-------- EXERCISE INPUT --------
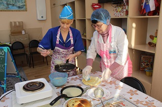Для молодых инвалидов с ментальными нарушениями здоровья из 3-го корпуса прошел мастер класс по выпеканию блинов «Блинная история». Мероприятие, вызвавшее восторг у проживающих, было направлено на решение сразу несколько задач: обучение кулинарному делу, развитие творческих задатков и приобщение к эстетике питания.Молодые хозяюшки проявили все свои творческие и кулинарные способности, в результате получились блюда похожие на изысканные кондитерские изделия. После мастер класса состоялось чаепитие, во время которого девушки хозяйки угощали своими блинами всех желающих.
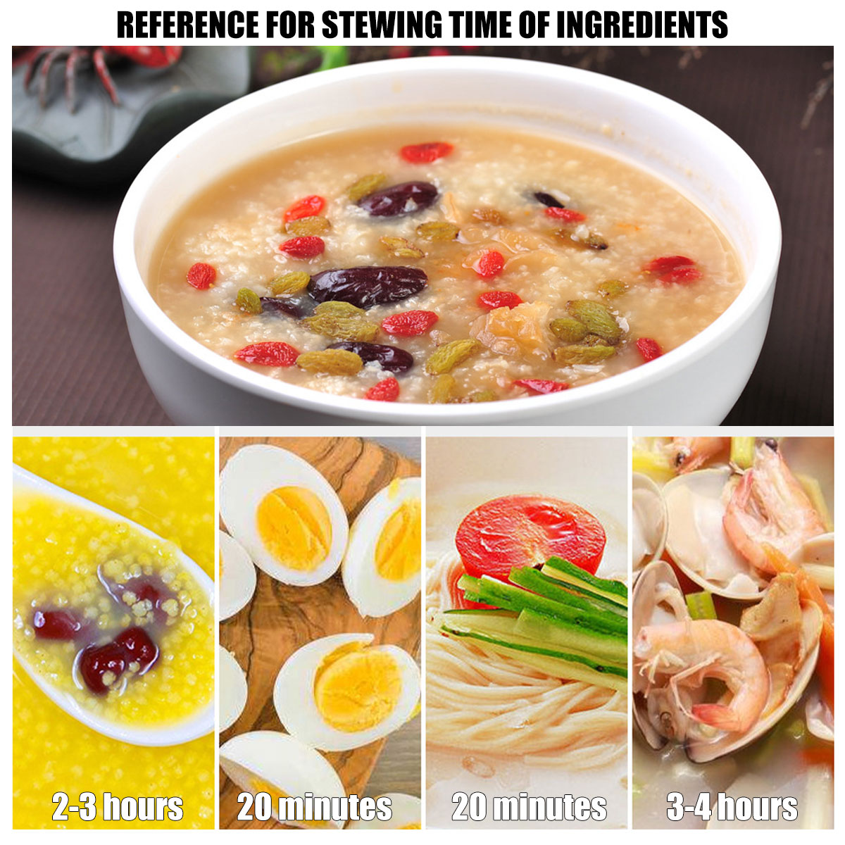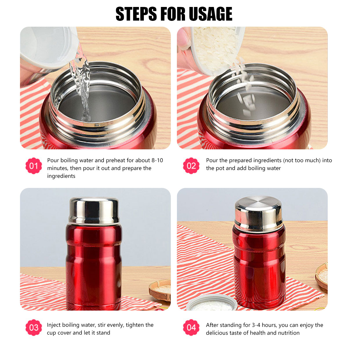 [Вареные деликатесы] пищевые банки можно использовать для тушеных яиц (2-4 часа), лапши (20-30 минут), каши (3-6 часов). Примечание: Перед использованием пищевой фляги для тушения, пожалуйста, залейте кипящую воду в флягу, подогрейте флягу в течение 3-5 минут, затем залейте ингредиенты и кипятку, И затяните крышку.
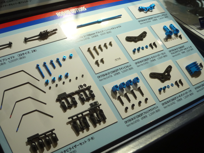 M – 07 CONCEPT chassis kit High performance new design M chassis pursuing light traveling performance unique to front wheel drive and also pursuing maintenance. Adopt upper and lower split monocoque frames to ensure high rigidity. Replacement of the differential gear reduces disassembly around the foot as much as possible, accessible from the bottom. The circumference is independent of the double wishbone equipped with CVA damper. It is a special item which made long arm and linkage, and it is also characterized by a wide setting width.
--------
-------- EXERCISE INPUT --------
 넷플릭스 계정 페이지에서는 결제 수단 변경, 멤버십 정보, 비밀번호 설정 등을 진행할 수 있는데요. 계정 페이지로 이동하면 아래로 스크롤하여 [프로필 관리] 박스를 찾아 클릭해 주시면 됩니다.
--------
Please copy out from the data above, without any picture, exactly the lines running from the one that holds "Для молодых инвалидов" through the one that holds "[Вареные деликатесы] пищевые", and nothing beyond them.

*EXERCISE ANSWER*.
Для молодых инвалидов с ментальными нарушениями здоровья из 3-го корпуса прошел мастер класс по выпеканию блинов «Блинная история». Мероприятие, вызвавшее восторг у проживающих, было направлено на решение сразу несколько задач: обучение кулинарному делу, развитие творческих задатков и приобщение к эстетике питания.Молодые хозяюшки проявили все свои творческие и кулинарные способности, в результате получились блюда похожие на изысканные кондитерские изделия. После мастер класса состоялось чаепитие, во время которого девушки хозяйки угощали своими блинами всех желающих.
 [Вареные деликатесы] пищевые банки можно использовать для тушеных яиц (2-4 часа), лапши (20-30 минут), каши (3-6 часов). Примечание: Перед использованием пищевой фляги для тушения, пожалуйста, залейте кипящую воду в флягу, подогрейте флягу в течение 3-5 минут, затем залейте ингредиенты и кипятку, И затяните крышку.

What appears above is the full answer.